In late 1843, Charles Dickens wrote “A Christmas Carol” as a holiday novel, expressly designed to make him some quick money. At the time, Dickens' latest novel was a bomb; he owed money to his publisher and he really needed the dinero. He financed the book's publication himself, pricing it at 5 shillings to make it affordable to the masses (talk about using self-publishing as a branding strategy!)

Dickens' gut instinct was right: “A Christmas Carol” made him a lot of money. But something else happened along the way—the story of Ebenezer Scrooge became one of the most enduring pieces of literature in the English language, with characters that have been absorbed into the human vernacular and psyche.

We may not be trotting around Victorian London in waistcoat and muffler, but Dickens' core message in “A Christmas Carol” still resonates today: Life is transient. We can either live it parsimoniously, with our noses pressed against the bottom line, or we can allow ourselves to be happy.

I've read and written a lot of words in my career, but the only thing I have in common with Charles Dickens is that we both needed the dinero. Dickens had deadlines like the rest of us—he managed to crank out “A Christmas Carol” in six weeks to get his book on the shelves in time for the holiday—but he didn't have to worry about satisfying page views, bounce rates or ensuring that his prose fit into the algorithms of Google's search engine.

These present-day realities mean we don't have a lot of time to ponder the bigger things in life. We're too busy struggling to keep from drowning in the never-ending torrent of words, images and digital information from an endless array of devices. In a desperate effort to be heard, we shoot from the hip, trying to connect on the fly, wherever and whenever we have the chance.

Lurking behind all of the distractions is that nagging, inconvenient little fact: Life is transient. And once it's over, we really don't leave anything permanent behind. Dickens illustrates this in the chilling scene where the rag-and-bone pickers barely wait for Scrooge's body to cool before fighting over his bedclothes and curtains. If you've ever had to sift through a loved one's belongings after his or her death, you realize just how paltry all of those hard-earned earthly goods are once their owner is gone.

A few, like Dickens, will endure. Art, whether created by design or a convergence of necessity and luck, can sometimes ignite something that's distinctly human in all of us.

We all want to be remembered after we die. And of course, we will be—by family, friends and the people whose lives we've touched.

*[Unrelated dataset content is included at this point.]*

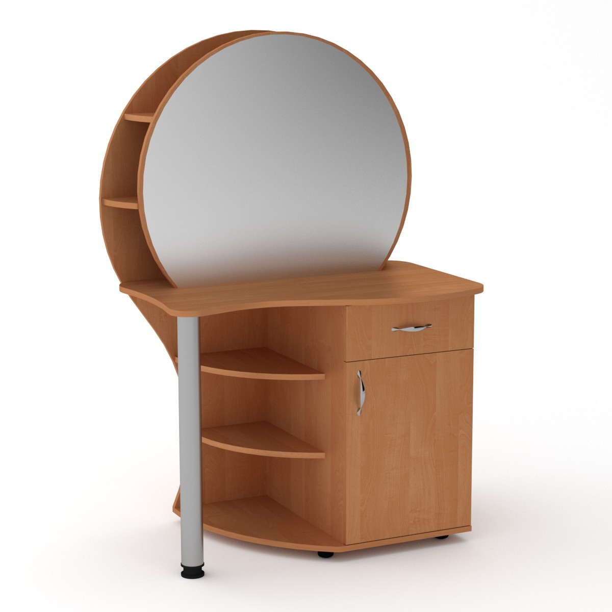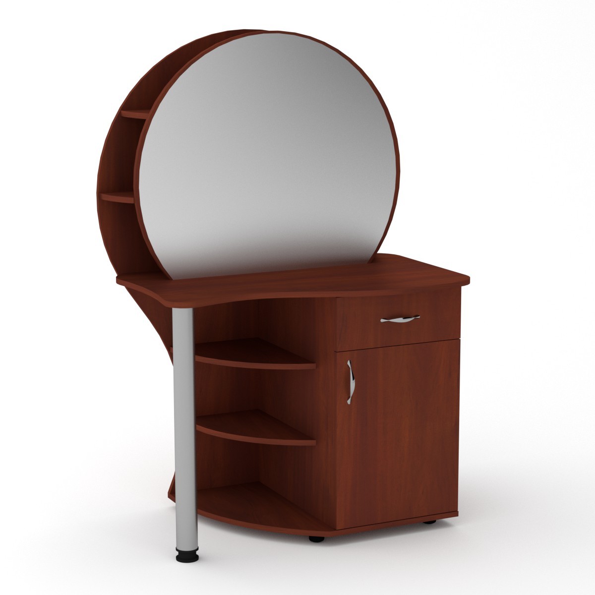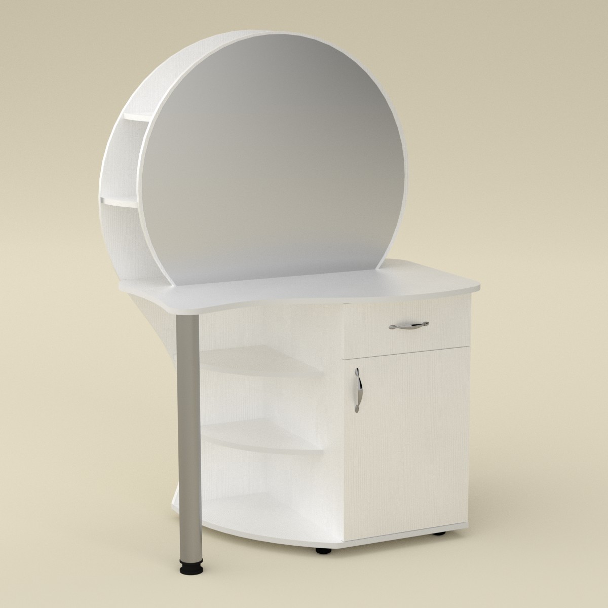 Данное трюмо - это оригинальное дизайнерское решение при оформлении спальни. Особенностью этого трюмо является наличие двух глубоких полок за зеркалом. Также имеется тумба с распашной дверцей с полочками и выдвижным ящиком. Дополнительно имеются открытые радиусные полки.
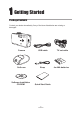 1 Getting Started Package Contents Contact your dealer immediately if any of the items listed below are missing or TV OUT USB damaged.

But even the most beloved or successful of us will be, in a generation or two, a name on a granite stone—or a trail of inane comments, selfies, memes and non sequiturs scattered across cyberspace.

I think we can do better than that.

Think about what you want to do to connect yourself to the rest of the human race. Turn off the electronic yammering, the social media schadenfreude, and the here-today, gone-tomorrow blips on the cultural radar. Think deep thoughts on the eternal human condition and put them down on paper, canvas or film. The products of your creative expression could just end up as part of the waste that's left behind when you go, but who knows? Maybe you'll actually capture something so real that it will go on living even after you're gone.

This is my last column for National Underwriter P&C. Thanks so much for helping to make it a great ride.